2 września 2011, 08:58
Moj komentarz: Wszystko pięknie tylko coś nie umiem dostrzec ŚLADÓW dobrej woli u naszych propagandzistow politycznych. Nie zrozumiałam tej wypowiedzi - u propagandzistów politycznych, czyli u kogo? Ja pisałam o dobrej woli słuchaczy...
2 września 2011, 08:56
ciągle jest poruszana co godzina polityka aż do obrzydzenia. No bez jaj. Ja kazanie o zabarwieniu politycznym słyszę może 2-3 razy do roku, a słucham kazań niemal codziennie. I nie tylko w mojej parafii.
2 września 2011, 08:55
No bardzo ładnie...a co jak w przypadku, gdy ksiądz w niedzielę w mojej parafii, w trakcie ogłoszeń mówi, że w danym dniu będzie odprawiana msza święta w intencji ojczyzny, a po niej odbędzie się spotkanie w salce katechetycznej z posłem na sejm.
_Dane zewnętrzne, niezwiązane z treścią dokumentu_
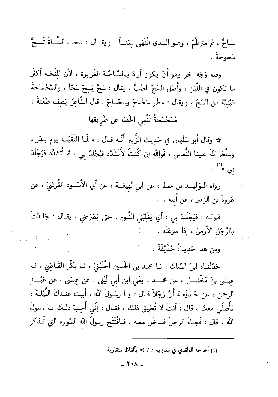وَقَالَ أَبُو سُلَيْمَانَ فِي حَدِيثِ الزُّبَيْرِ أَنَّهُ قَالَ لَمَّا الْتَقَيْنَا يَوْمَ بَدْرٍ وَسَلَّطَ اللَّهُ عَلَيْنَا النُّعَاسَ فَوَاللَّهِ إِنْ كُنْتُ لأَتَشَدَّدُ فَيُجْلَدُ بِي ثُمَّ أَتَشَدَّدُ فَيُجْلَدُ بِي 1.

I co w przypadku, gdy taka sytuacja powtórzyła się 2 razy i to z posłami z tej samej partii? To jest zabieranie głosu w sprawach "ważnych", czy zwykła agitacja partyjna? To Ty tam byłeś i wiesz, czy ksiądz agitował, czy nie. Nie wiadomo też o czym mówił poseł. Może o jakiejś inicjatywie dotyczącej Waszej społeczności lokalnej?
Bogusław Płoszajczak
2 września 2011, 08:43
Cytuję: "...Wystarczy nieco dobrej woli ..." Moj komentarz: Wszystko pięknie tylko coś nie umiem dostrzec ŚLADÓW dobrej woli u naszych propagandzistow politycznych.
K
Ktoś
1 września 2011, 23:39
Uważam, że kazania polityczne wygłaszają ci księża, którzy nie mają nic wartościowego do powiedzenia. Żeby być dobrym duszpasterzem, to trzeba samemu posiadać głębokie życie wewnętrzne, trzeba mieć bliską relację z Panem Bogiem, autentyczną wiarę, być pokornym i przemienionym miłością Bożą. Módlmy się za naszych Duszpasterzy ! Nie mam nic przeciwko kazaniom politycznym ale niech to robią księża przygotowani do tego bo nie każdy umie przekazać treść polityków,różni ludzie przychodzą do kościoła o różnym nastawieniu do danej partii czy polityka i naprawdę trzeba użyć takiej dyplomacji aby nikogo nie urazić a przy tym nie agitować.
A
Artik
1 września 2011, 23:02
Uważam, że kazania polityczne wygłaszają ci księża, którzy nie mają nic wartościowego do powiedzenia. Żeby być dobrym duszpasterzem, to trzeba samemu posiadać głębokie życie wewnętrzne, trzeba mieć bliską relację z Panem Bogiem, autentyczną wiarę,  być pokornym i przemienionym miłością Bożą. Módlmy się za naszych Duszpasterzy ! 
K
Ktoś
1 września 2011, 22:41
To co robią księża na Mszy Św. na wygłaszaniu kazania to budzi we mnie wstręt,ciągle jest poruszana co godzina polityka aż do obrzydzenia,moimzdaniem powinny być dwie msze popołudniwe o tym temacie,ludzie już mają dość tej polityki,słucha się w pracy,radiu,w telewizji,czyta się w gazetach trochę tego za dużo.Do kościoła przychodzi się dla Pana Boga a nie dla Stefana Niesiołowskiego gorliwego katolika.
NL
nie lubię polityki w moim kośc
1 września 2011, 22:20
 No bardzo ładnie...a co jak w przypadku, gdy ksiądz w niedzielę w mojej parafii, w trakcie ogłoszeń mówi, że w danym dniu będzie odprawiana msza święta w intencji ojczyzny, a po niej odbędzie się spotkanie w salce katechetycznej z posłem na sejm. I co w przypadku, gdy taka sytuacja powtórzyła się 2 razy i to z posłami z tej samej partii? To jest zabieranie głosu w sprawach "ważnych", czy zwykła agitacja partyjna? Swoją drogą do księdza nie mam pretensji, bo to dobry człowiek. Bardziej mnie razi działalność rodziny pewnego radia, która zapewne stoi za tymi przedsięwzięciami i której to rodzinie, ksiądz nie chce odmawiać.